Australia’s student debt system is facing renewed criticism as $1 billion is added to HECS debts on Monday, with the annual indexation hike of 2.8 per cent taking effect. The increase adds approximately $770 to the average student debt of $27,600, sparking concerns over a “broken system” that leads to “debt spirals”.
Proposal to Shift Index Date
Independent MP Monique Ryan has proposed moving the annual indexation date from June 1 to November 1, after tax time. Modelling commissioned by Dr Ryan and conducted by the Parliamentary Budget Office suggests this change would reduce HECS debt by $58 million next year, compounding to $150 million less per year by 2036. Compulsory HECS payments are not applied to reduce debt until after tax returns are filed, so a later index date would apply to a smaller balance.

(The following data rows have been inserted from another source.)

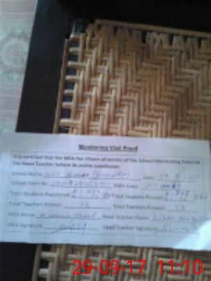 | Attendance Register | Head Teacher | MEA with School | Visit Proof |
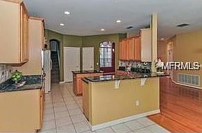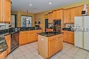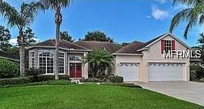 This five bedroom three bath home has a formal living, dining(with high tray ceiling), and family room. The island kitchen has maple cabinets with 42 inch uppers with crown molding and granite counter tops. The raised counter top will accommodate bar stool seating. Built-in oven and microwave. The cook top is separate. The adorable breakfast nook over looks the family room that has a wood burning fireplace finished in stone. Stainless steel appliances and double sinks. The master suite is very private and also has a fireplace! The very large master bath has separate dual vanities with cultured marble counter tops. Garden tub and separate shower. All the auxiliary bedrooms are quite large. This home is in very good condition. High ceilings. Blinds, window treatments, hardwood floors, and tile throughout. The lanai has a built-in heated spa. THREE car garage. Beautiful elevation and nicely landscaped. Gated community.
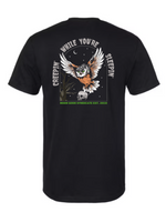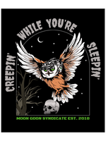 This ain’t your average morale tee—it’s a nod to the night walkers, the shadows, the professionals who do their best work while the rest of the world is tucked in and clueless. Our “Creepin’ While You’re Sleepin’” shirt features a badass owl in night vision goggles, swooping in over a skull, with the moon and stars casting light on the kind of silent precision that only comes with training—and a bit of attitude.
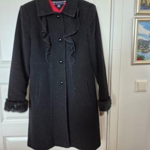 Tommy Hilfiger Tommy Jeans Annet yttertøy i svart farge, størrelse L for kvinner. Jakken har en glanset finish og en hette med pelsdetalj. Den har glidelåslommer foran og er designet for utendørs bruk.
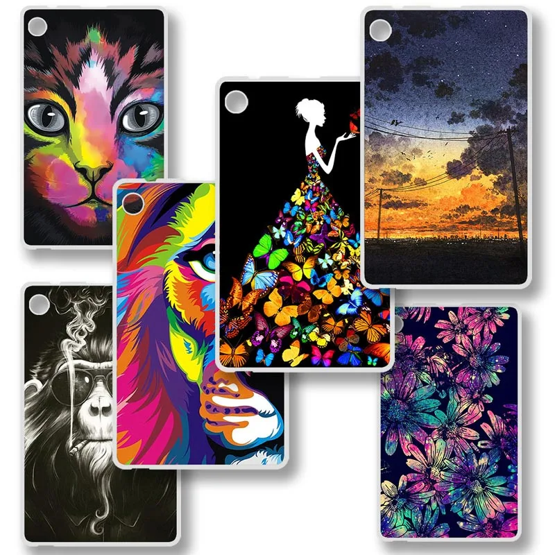 Особенности:1. Разные модели на выбор.2. Роскошь и мода изготовлены из высококачественного материала.3. Защитите планшет от царапин, грязи, разрыва и износа.4. При использовании, не нужно вынимать планшет из чехол.5.100% абсолютно новый и совместим с вашим планшетом.6. Окрашенный мягкий силиконовый ультратонкий ТПУ узор, прочный и моющийся. Идеально подходит для формы, легко надевается и легко снимается
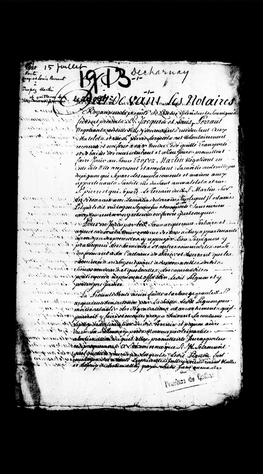 - Vente par Jacques et Louis Perrault, négociants à Québec, à Tropez Martin, négociant à Québec, de la moitié ou mitoyen du pignon qui sépare les emplacements et maisons sur la rue Sault-au-Matelot
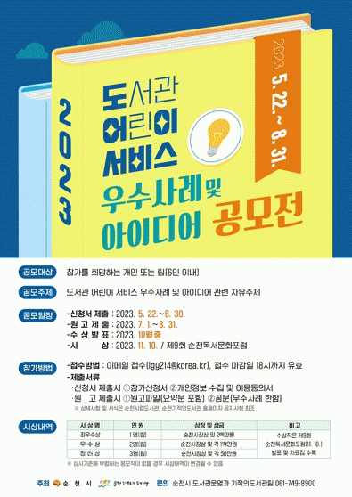 [¹Ìµð¾îÀü³² ÀÓ¼º¿Ï ±âÀÚ]¼øÃµ½Ã´Â ¼øÃµ±âÀûÀǵµ¼°ü 20ÁÖ³âÀ» ¸Â¾Æ 8¿ù 31ÀϱîÁö, Àü ±¹¹ÎÀ» ´ë»óÀ¸·Î ¡®2023³â µµ¼°ü ¾î¸°À̼ºñ½º ¿ì¼ö»ç·Ê ¹× ¾ÆÀ̵ð¾î °ø¸ðÀü¡¯À» °³ÃÖÇÑ´Ù. 2003³â °³°ü ÀÌÈÄ Àü±¹ ¾î¸°À̵µ¼°ü °ø°£Á¶¼º°ú ¿î¿µÀÇ¡¦
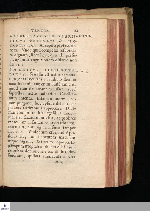 GESTA || COLLATIONIS || CHARTAGINI HABITÆ || HONORII CAESARIS IVSSV INTER || Catholicos & Donatistas coram Mar-||cellino V. C. Trib. & Not. || P. C. VARANIS V. C. || Opus non solum Theologis, sed etiam Iuris-||consultis Valde Vtile, || Papirij Massoni studio atq[ue] opera nunc primu[m] || in lucem editum. ||
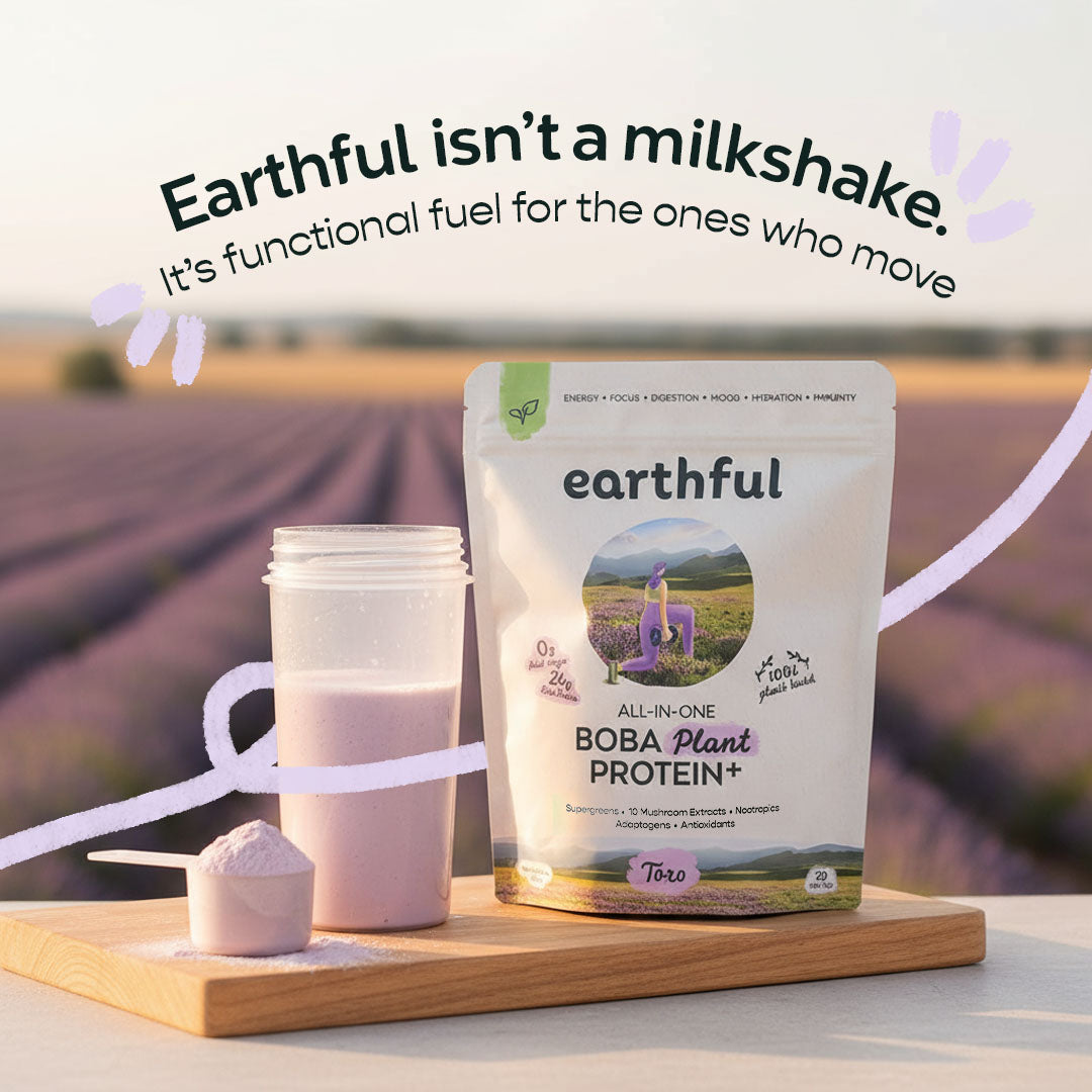 THE FIRST ALL-IN-ONE BOBA PLANT PROTEIN – Earthful is the world’s first boba-inspired vegan protein powder, combining authentic taro boba flavor with complete daily nutrition for energy, focus, recovery, and wellness.
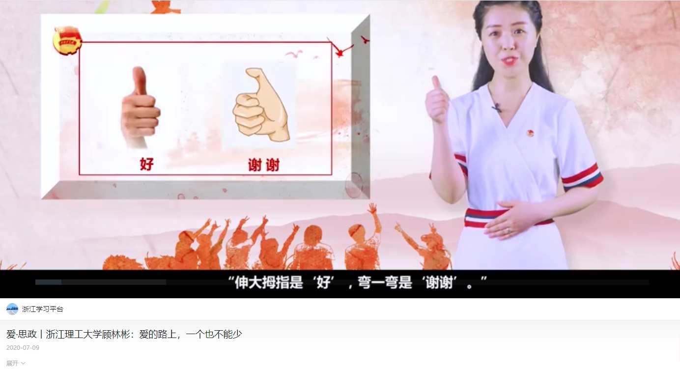 浙江理工大学党员教师顾林彬的思政微课从习近平总书记向一名聋哑女孩学习手语的新闻讲起。作为浙江理工大学手语社的指导老师,她常问大家为何加入手语社。其中一位同学的回答令她印象深刻。“多学一种语言,多做一些志愿服务,关爱残疾人,用真挚的心灵,善言善行,最美的青春,将残缺的身心用爱填满。”顾林彬说:“他们望着你的眼睛,就是我的担当和责任。”
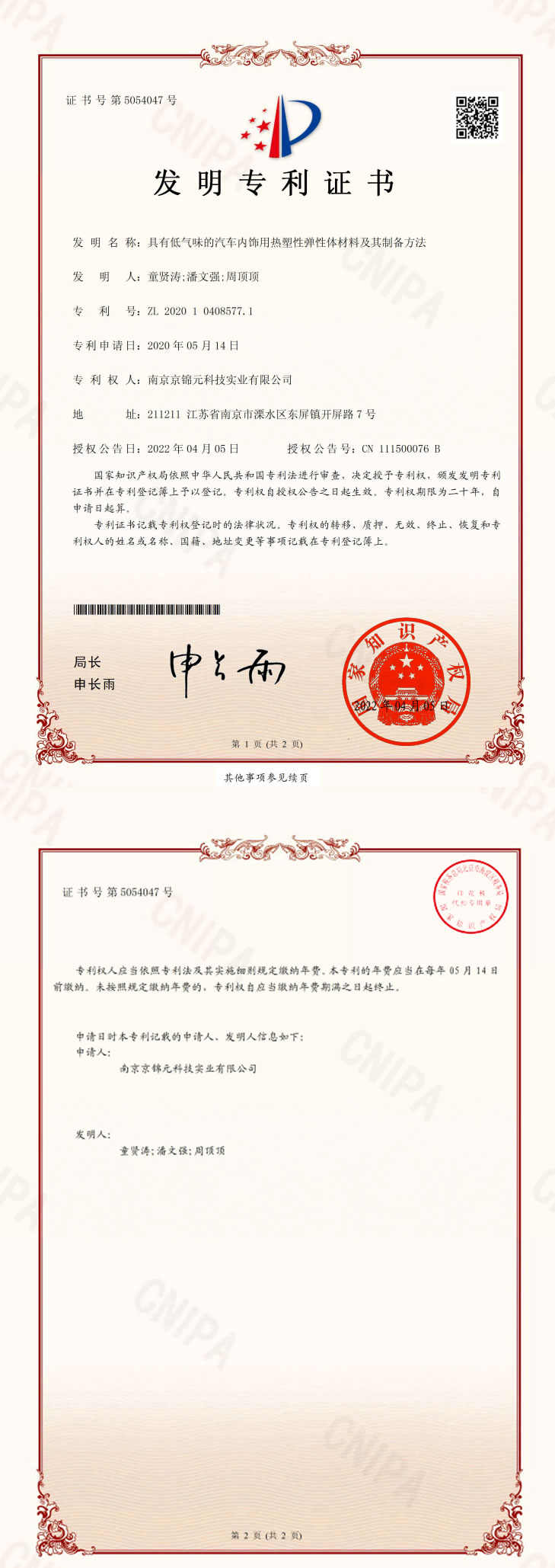ZL 2020 1 0408577.1 具有低氣味的汽車內飾用熱塑性彈性體材料及其制備方法
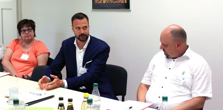 Das Podium füllte sich, als den Gästen der Konferenz das Beispiel der Kubra GmbH und dem iranischen Ingenieur Alireza Khodaei Bejandi präsentiert wurde. Georg Schalow, kaufmännischer Leiter des Unternehmens aus Oranienbaum-Wörlitz, berichtete von der guten Zusammenarbeit mit den Partnern, aber auch den Schwierigkeiten, einen Geflüchteten mit guten Qualifikationen letztendlich einstellen zu dürfen. In Zusammenarbeit gelang es Georg Schalow, FiF - Regionalberater der Region Anhalt-Bitterfeld-Wittenberg, Sandro Miritz, Hagen Prautzsch von den Euro-Schulen Dessau und Christian Schiebe von der Willkommensagentur Anhalt Alirelza Khodaei Bejandi in das Unternehmen zu integrieren. Georg Schalow appellierte, dass die Unternehmer*innen sich die Zeit nehmen müssen, die Flüchtlinge einzuarbeiten. Dabei ist es wichtig, dass beide Parteien in einer Sprache kommunizieren - egal ob Englisch, Arabisch oder bestenfalls Deutsch. „Man muss sich darüber auch im Klaren sein, dass die Führungsebene diesen neuen Mitarbeiter*innen aus anderen Ländern auch nach Feierabend zur Verfügung stehen muss, um offene Fragen rund um den Arbeitsplatz zu beantworten“, ist Schalow überzeugt.

“When you make a payment on your home loan, its balance goes down,” Dr Ryan said. “Graduates’ HECS payments aren’t being accredited to their accounts in real time, and that’s costing them dearly, as indexation is applied before the end of the financial year. Young Australians are already under immense financial pressure. Today they’re waking up to find their student debt has grown again. We need to fix this broken system.”
Fiscal Impact
The November 1 index proposal would reduce the federal government’s underlying cash balance by $1.2 billion over the next four years if implemented this year. However, the policy would lead to a $3.49 billion decrease in debt not expected to be repaid over the coming decade. This loss is offset by $4.92 billion less in concessional loan discounts, resulting in a net reduction of $1.005 billion in the government’s fiscal position over four years.
Criticism of Government Policies
Dr Ryan criticised both Liberal and Labor governments for the rising student debt, stating, “Rising student debt is not an accident. It’s the result of deliberate policy choices made by Liberal and Labor governments. The cost-of-HECS crisis was created by Scott Morrison and has been allowed to continue under Anthony Albanese.”
She also targeted the Job-ready Graduates scheme, introduced in 2021, which cut costs for science and mathematics degrees by 59 per cent but raised arts degrees to over $50,000 and reduced university enrolments from low socio-economic backgrounds. “The Job-ready Graduates scheme has doubled the cost of many degrees. It’s the worst tertiary education policy in this century. Scrapping the Job-ready Graduates scheme remains unfinished business,” she said.
Government Actions and Greens’ Response
In 2025, the federal government fulfilled an election promise by wiping 20 per cent off all HECS debts. The annual indexation benchmark was also adjusted to be tied to whichever is lower of the inflation rate or wage price index.
Greens senator Mehreen Faruqi said the “debt spiral” on $50,000 arts degrees intensified with Monday’s index increase. “The Prime Minister cannot claim to be addressing intergenerational inequity while keeping in place the grossly unjust Job-ready Graduates fee hikes, which are disproportionately impacting young people and already disadvantaged students. Young people are already being locked out of the housing market, denied loans and rethinking dreams of further study, and things are only getting worse because Labor has not scrapped Job-ready Graduates,” Senator Faruqi said.